I illustrated these two sources of statistical affiliation by colour-coding the completely different paths within the causal graph. The blue path is the confounding path: correlation is induced as a result of each $a_1$ and $y_2$ have $e_1$ as causal ancestor. The pink path is the causal path: $a_1$ not directly influences $y_2$ through the hidden state $e_2$.

If we want to appropriately consider the consequence of fixing insurance policies, now we have to have the ability to disambiguate between these two sources of statistical affiliation, do away with the blue path, and solely take the pink path under consideration. Sadly, this isn’t attainable in a partial mannequin, the place we solely mannequin the distribution of $y_2$ conditional on $a_0$ and $a_1$.

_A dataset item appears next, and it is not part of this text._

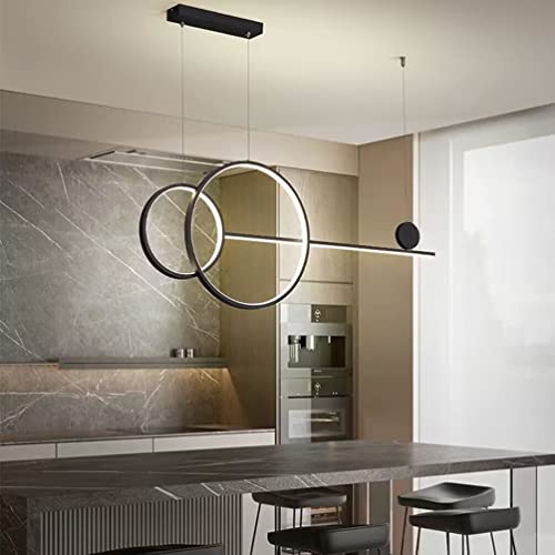 Lampada a sospensione LED moderna tavolo da pranzo 54W Dimmerabile con telecomando Lampada da tavolo da pranzo Regolabile in altezza per sala da pranzo Lampadario soggiorno Luci della casa,Nero

If we wish to draw causal inferences, we should mannequin the distribution of no less than one variable alongside blue path. Clearly, $y_1$ and $s_1$ are theoretically observable, and are on the confounding path. Including both of those to our mannequin would enable us to make use of the backdoor adjustment formulation (defined within the paper). Nevertheless, this could take us again to Choice 1, the place now we have to mannequin the joint distribution of both sequences of observations $y_{0:T}$ or sequences of states $s_{0:T}$, each assumed to be high-dimensional and tough to mannequin.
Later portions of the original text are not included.